Instructions to follow:
Retype all the records below exactly as they are, with no image carried over.

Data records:
-*-*-

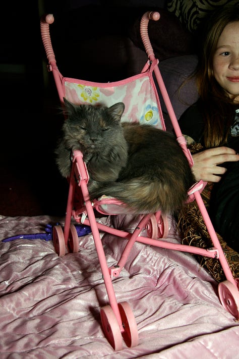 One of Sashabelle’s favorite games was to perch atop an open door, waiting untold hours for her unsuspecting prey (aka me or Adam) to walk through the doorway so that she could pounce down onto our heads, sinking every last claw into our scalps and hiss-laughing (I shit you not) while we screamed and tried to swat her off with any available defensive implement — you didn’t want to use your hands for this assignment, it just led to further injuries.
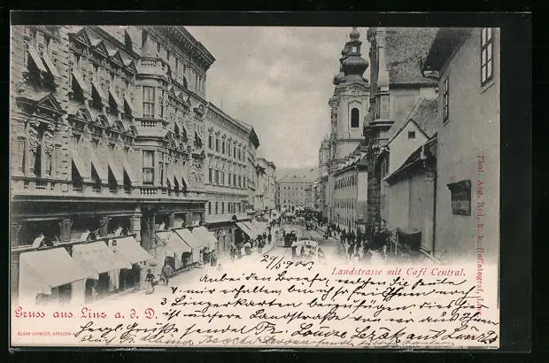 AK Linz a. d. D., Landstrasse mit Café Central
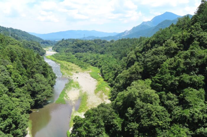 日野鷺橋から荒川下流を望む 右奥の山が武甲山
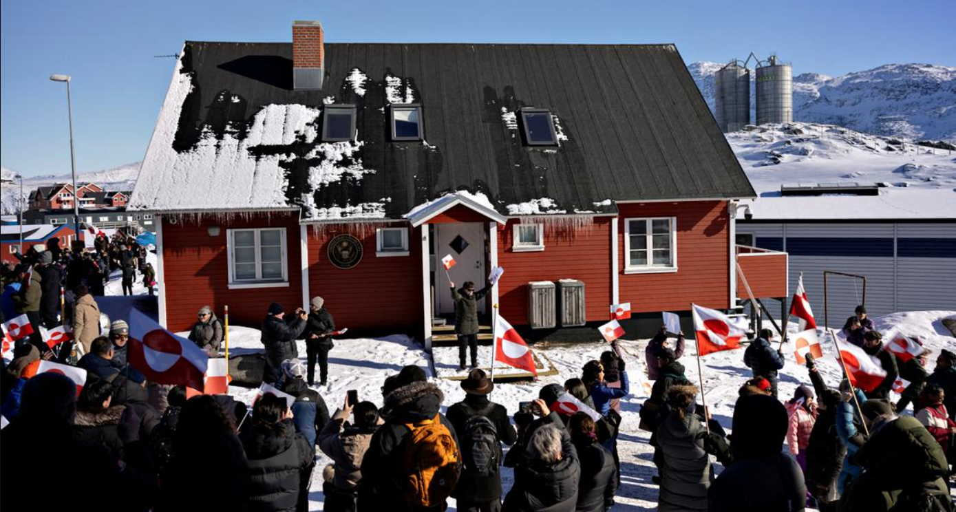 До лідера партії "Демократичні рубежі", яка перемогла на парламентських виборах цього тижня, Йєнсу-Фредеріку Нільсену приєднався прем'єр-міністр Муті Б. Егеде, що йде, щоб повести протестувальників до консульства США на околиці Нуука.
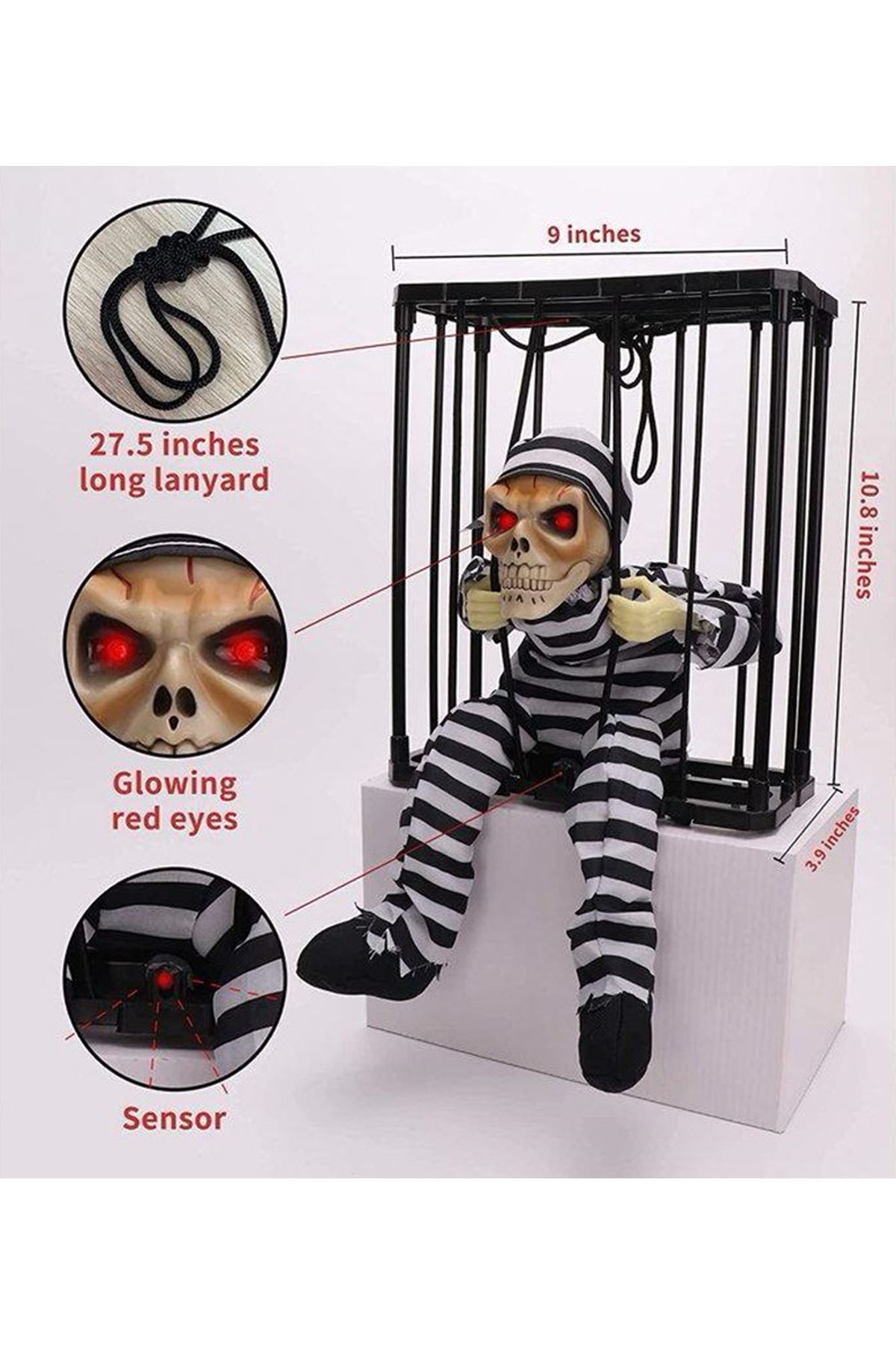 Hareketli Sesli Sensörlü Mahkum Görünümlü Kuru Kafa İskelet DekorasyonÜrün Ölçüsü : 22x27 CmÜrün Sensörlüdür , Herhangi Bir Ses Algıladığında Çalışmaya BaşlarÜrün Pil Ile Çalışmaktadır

-*-*-

Written response:
 One of Sashabelle’s favorite games was to perch atop an open door, waiting untold hours for her unsuspecting prey (aka me or Adam) to walk through the doorway so that she could pounce down onto our heads, sinking every last claw into our scalps and hiss-laughing (I shit you not) while we screamed and tried to swat her off with any available defensive implement — you didn’t want to use your hands for this assignment, it just led to further injuries.
 AK Linz a. d. D., Landstrasse mit Café Central
 日野鷺橋から荒川下流を望む 右奥の山が武甲山
 До лідера партії "Демократичні рубежі", яка перемогла на парламентських виборах цього тижня, Йєнсу-Фредеріку Нільсену приєднався прем'єр-міністр Муті Б. Егеде, що йде, щоб повести протестувальників до консульства США на околиці Нуука.
 Hareketli Sesli Sensörlü Mahkum Görünümlü Kuru Kafa İskelet DekorasyonÜrün Ölçüsü : 22x27 CmÜrün Sensörlüdür , Herhangi Bir Ses Algıladığında Çalışmaya BaşlarÜrün Pil Ile Çalışmaktadır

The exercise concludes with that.